Start of Block

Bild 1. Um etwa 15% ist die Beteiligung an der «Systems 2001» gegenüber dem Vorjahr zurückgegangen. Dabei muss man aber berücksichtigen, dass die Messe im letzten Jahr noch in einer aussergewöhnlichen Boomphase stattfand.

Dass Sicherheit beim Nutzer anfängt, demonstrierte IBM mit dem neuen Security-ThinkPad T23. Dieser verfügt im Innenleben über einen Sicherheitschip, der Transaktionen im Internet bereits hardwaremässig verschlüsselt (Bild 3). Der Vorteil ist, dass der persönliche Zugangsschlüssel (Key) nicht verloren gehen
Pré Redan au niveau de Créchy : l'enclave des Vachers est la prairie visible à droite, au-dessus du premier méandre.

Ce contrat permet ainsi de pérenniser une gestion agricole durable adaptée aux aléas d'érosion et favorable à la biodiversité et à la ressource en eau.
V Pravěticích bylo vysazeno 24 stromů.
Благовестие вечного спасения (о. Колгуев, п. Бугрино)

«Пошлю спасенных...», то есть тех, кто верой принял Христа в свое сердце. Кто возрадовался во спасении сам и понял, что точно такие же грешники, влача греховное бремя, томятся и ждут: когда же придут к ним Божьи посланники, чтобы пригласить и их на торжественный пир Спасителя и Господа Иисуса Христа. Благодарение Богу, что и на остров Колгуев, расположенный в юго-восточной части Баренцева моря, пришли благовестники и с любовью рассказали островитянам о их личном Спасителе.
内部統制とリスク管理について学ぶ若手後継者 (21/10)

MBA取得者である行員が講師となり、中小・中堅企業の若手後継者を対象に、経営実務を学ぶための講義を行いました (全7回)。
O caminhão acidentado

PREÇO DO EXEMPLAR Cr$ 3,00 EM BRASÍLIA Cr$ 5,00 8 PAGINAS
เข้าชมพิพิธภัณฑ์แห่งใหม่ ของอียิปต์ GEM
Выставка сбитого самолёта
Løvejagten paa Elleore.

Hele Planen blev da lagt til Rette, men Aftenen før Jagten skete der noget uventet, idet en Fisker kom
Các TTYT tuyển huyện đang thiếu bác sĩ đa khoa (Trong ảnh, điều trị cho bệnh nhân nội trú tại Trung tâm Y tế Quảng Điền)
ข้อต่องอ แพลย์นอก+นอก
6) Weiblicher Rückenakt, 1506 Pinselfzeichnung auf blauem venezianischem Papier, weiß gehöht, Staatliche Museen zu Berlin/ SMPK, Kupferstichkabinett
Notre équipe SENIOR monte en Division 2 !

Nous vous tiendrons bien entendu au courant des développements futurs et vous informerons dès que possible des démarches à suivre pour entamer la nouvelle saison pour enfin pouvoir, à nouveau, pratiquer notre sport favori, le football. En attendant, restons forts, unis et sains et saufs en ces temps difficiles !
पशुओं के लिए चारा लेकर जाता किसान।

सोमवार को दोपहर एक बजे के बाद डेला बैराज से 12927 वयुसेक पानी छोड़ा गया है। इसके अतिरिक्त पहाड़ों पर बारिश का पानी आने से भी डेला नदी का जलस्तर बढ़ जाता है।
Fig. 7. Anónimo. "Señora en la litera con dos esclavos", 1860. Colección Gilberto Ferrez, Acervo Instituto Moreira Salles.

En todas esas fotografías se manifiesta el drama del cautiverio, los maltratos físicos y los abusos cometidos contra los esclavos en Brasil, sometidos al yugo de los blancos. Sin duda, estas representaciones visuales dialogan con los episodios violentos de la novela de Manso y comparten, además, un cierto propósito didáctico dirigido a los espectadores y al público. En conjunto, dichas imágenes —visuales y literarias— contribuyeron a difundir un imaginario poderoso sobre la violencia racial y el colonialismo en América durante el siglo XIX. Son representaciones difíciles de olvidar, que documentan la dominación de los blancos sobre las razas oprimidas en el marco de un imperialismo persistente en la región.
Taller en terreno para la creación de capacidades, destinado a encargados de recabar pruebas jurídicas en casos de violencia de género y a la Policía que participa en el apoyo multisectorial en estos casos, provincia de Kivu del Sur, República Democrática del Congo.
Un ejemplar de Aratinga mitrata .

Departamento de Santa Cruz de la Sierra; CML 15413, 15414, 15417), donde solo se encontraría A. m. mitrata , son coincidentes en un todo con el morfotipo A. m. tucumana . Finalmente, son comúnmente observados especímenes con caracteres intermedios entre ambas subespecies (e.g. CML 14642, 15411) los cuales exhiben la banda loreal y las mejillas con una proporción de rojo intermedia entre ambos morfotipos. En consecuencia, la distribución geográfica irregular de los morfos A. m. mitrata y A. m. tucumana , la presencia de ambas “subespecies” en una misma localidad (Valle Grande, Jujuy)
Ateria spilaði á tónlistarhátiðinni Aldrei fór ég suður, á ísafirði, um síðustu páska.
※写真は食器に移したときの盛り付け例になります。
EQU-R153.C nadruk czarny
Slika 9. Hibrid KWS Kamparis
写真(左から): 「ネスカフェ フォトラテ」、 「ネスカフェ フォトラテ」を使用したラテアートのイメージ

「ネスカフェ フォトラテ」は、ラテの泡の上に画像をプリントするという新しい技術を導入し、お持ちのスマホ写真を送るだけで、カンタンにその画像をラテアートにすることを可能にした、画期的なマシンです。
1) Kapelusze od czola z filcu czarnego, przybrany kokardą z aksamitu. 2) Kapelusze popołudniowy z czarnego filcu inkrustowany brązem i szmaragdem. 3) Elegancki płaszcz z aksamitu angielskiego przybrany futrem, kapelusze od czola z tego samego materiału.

End of Block

[TASK DIRECTIONS] Reproduce verbatim only the segment of the listing bounded by the line containing "Løvejagten paa Elleore." and the line containing "पशुओं के लिए चारा लेकर जाता किसान।", with both boundary lines included.

[RESPONSE TO THIS TASK]
Løvejagten paa Elleore.

Hele Planen blev da lagt til Rette, men Aftenen før Jagten skete der noget uventet, idet en Fisker kom
Các TTYT tuyển huyện đang thiếu bác sĩ đa khoa (Trong ảnh, điều trị cho bệnh nhân nội trú tại Trung tâm Y tế Quảng Điền)
ข้อต่องอ แพลย์นอก+นอก
6) Weiblicher Rückenakt, 1506 Pinselfzeichnung auf blauem venezianischem Papier, weiß gehöht, Staatliche Museen zu Berlin/ SMPK, Kupferstichkabinett
Notre équipe SENIOR monte en Division 2 !

Nous vous tiendrons bien entendu au courant des développements futurs et vous informerons dès que possible des démarches à suivre pour entamer la nouvelle saison pour enfin pouvoir, à nouveau, pratiquer notre sport favori, le football. En attendant, restons forts, unis et sains et saufs en ces temps difficiles !
पशुओं के लिए चारा लेकर जाता किसान।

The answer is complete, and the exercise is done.